The last pilot from the Doolittle raid, Col Bill Bower, USAF-Ret., passed away Jan 10 at his home in Boulder CO:

Bill Bower, last surviving bomber pilot of WWII Doolittle Raid, dies at 93

Capt. Bill Bower was the last surviving bomber pilot in the Doolittle Raid against Japan in April 1942. Pictured are Col. Bower's crew from the raid. From left to right, William Pound, navigator; Bill Bower, captain; Waldo Bither, bombardier; Thadd Blanton, co-pilot; Omer Duquette, flight engineer. (Family photo via Washington Post online)

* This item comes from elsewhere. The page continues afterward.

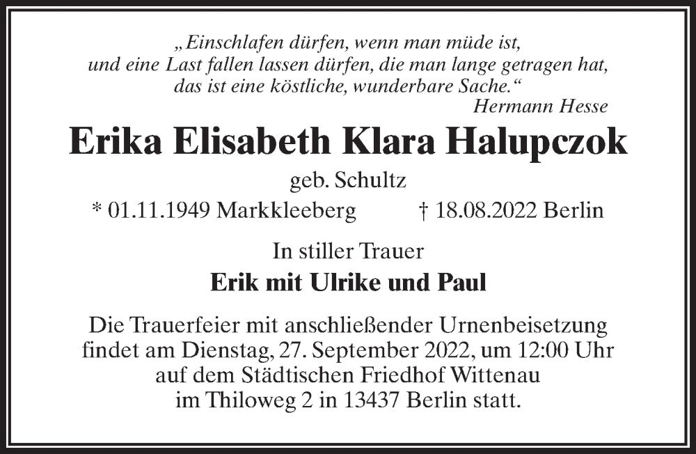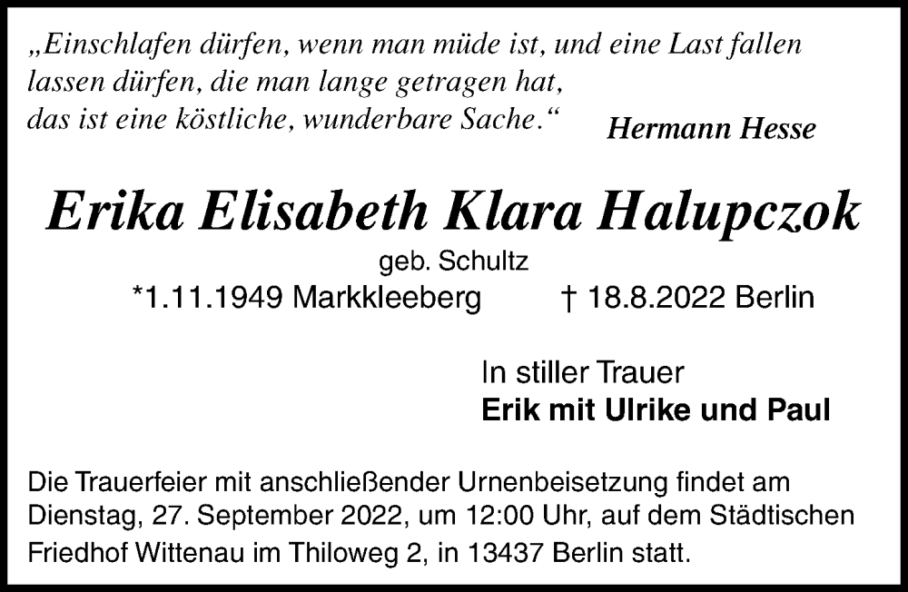 Hier finden Sie alle Traueranzeigen aus der Zeitung, die bisher für Erika Elisabeth Klara Halupczok erschienen sind. Weitere Traueranzeigen, die in der Zeitung erscheinen, werden hier ebenfalls aufgelistet

As a 25-year-old first lieutenant, Col. Bower commanded one of the 16 Army Air Forces’ B-25s in the top-secret mission under the direction of then-Lt. Col. James H. Doolittle. Col. Bower and the 79 other men who participated in the bombing run came to be known as the Doolittle Raiders . . . After skimming the waves during the 600-mile flight to Japan, Col. Bower directed his plane toward Yokohama and was stunned by the island’s natural beauty.
“I had the impression that, my gosh, what peaceful, pretty countryside that was,” Col. Bower later said. “What do they want war with us for?”
When Col. Bower arrived over his target in Yokohama, about 25 miles south of Tokyo, he encountered heavy anti-aircraft fire. His crew dropped the plane’s 2,000 pounds of ordnance on Yokohama’s dockyards and an oil refinery.
Col. Bower then throttled on toward China, where the Americans had tentatively planned to land and regroup in Chuchow, 200 miles south of Shanghai.
But plans changed. The planes encountered strong headwinds and stormy weather that burned fuel
.

Like many of those who survived and made it back to the States, Col Bower continued to fight:

After the Doolittle Raid, Col. Bower flew missions in England, North Africa and Italy. He became an officer in the Air Force when it was formed in 1947. He served as the commander for an Air Force Arctic supply unit and later commanded Dobbins Air Force Base in Marietta, Ga. He retired from the military in 1966.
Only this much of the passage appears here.